§ TO DO
Reproduce the data exactly as given, except for any images.

§ GIVEN DATA
= Beginning of Section =

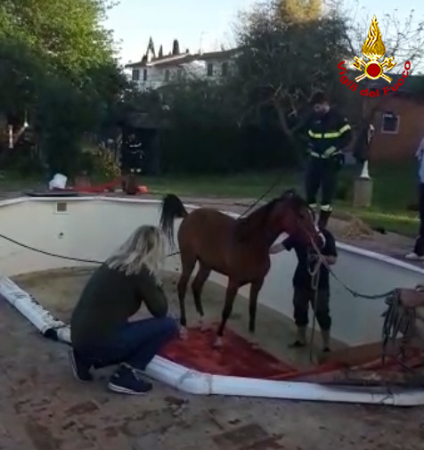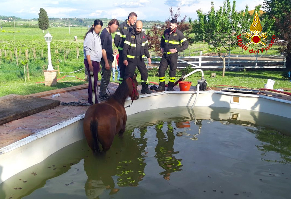Fucecchio: cavallo finisce in piscina. Salvato dai vigili del fuoco (Foto)
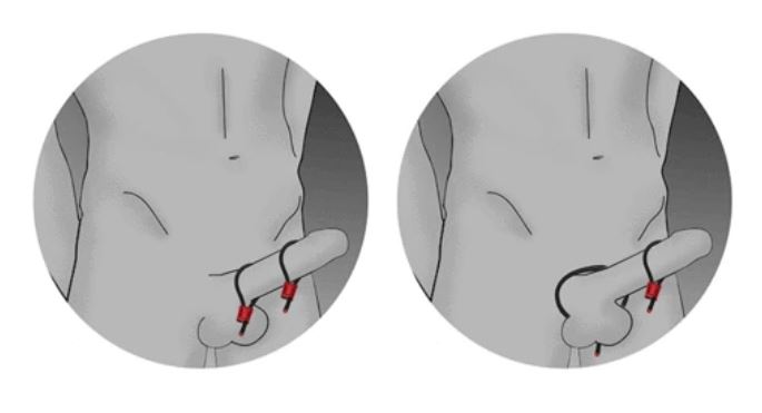 - Um loop na haste e outro ao redor do escroto.
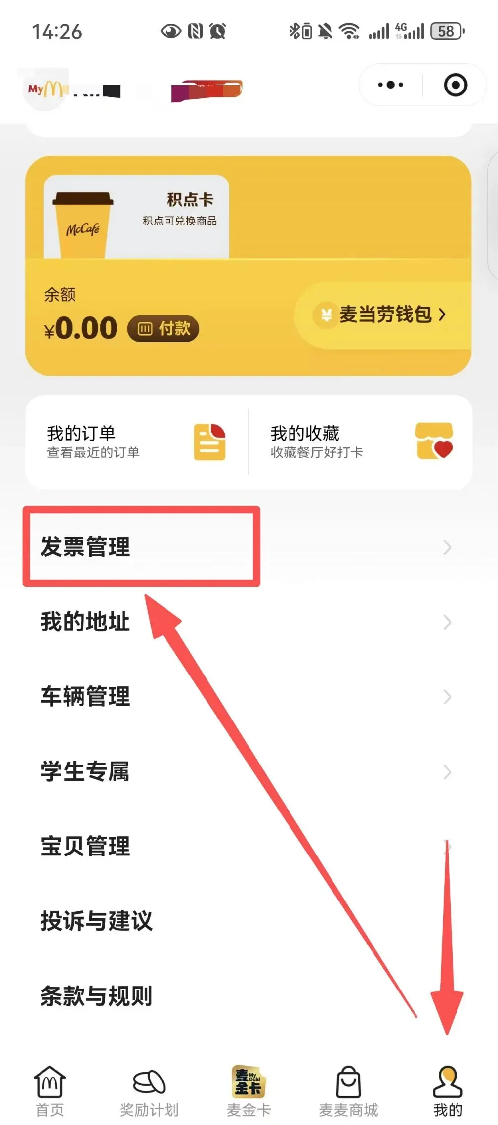 第一步:进入,麦当劳微信小程序,点击右下角我的,然后点击发票管理;
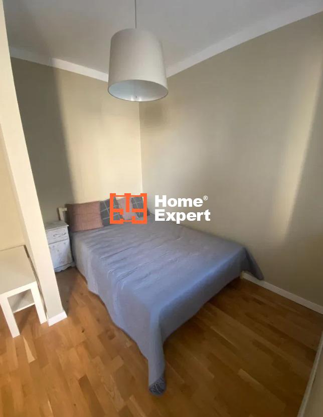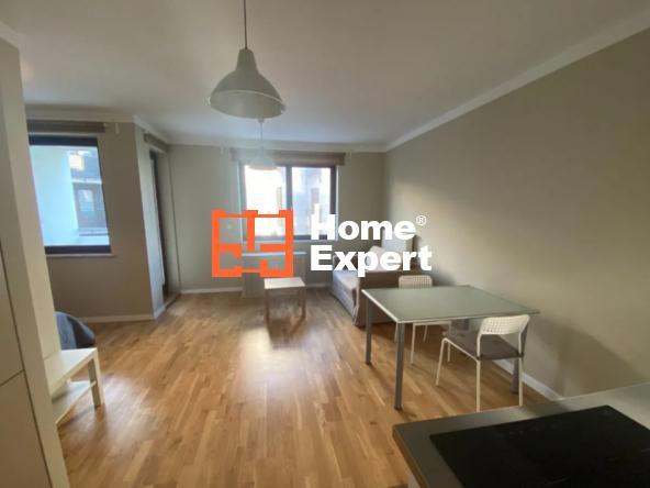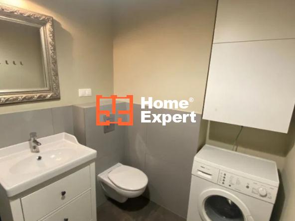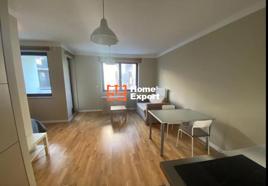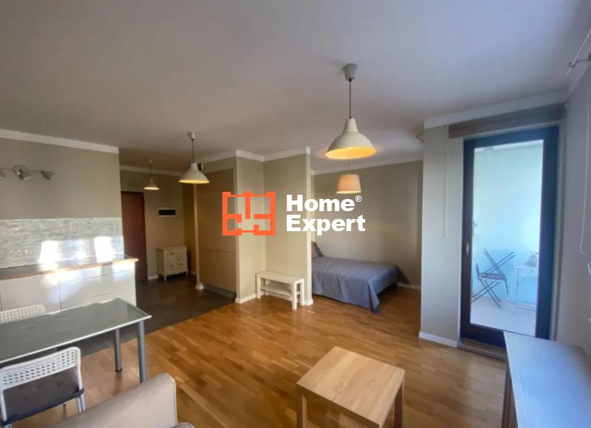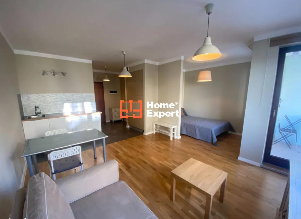 Mieszkanie składa się z salonu z rozkładaną sofą i wydzieloną częścią sypialną (łóżko 140×200), aneksu kuchennego (wyposażony w płytę indukcyjną, dużą lodówko-zamrażarkę), łazienki z kabiną prysznicową i pralką, garderoby oraz balkonu.

= End of Section =

§ RESPONSE TO THE EXERCISE
Fucecchio: cavallo finisce in piscina. Salvato dai vigili del fuoco (Foto)
 - Um loop na haste e outro ao redor do escroto.
 第一步:进入,麦当劳微信小程序,点击右下角我的,然后点击发票管理;
 Mieszkanie składa się z salonu z rozkładaną sofą i wydzieloną częścią sypialną (łóżko 140×200), aneksu kuchennego (wyposażony w płytę indukcyjną, dużą lodówko-zamrażarkę), łazienki z kabiną prysznicową i pralką, garderoby oraz balkonu.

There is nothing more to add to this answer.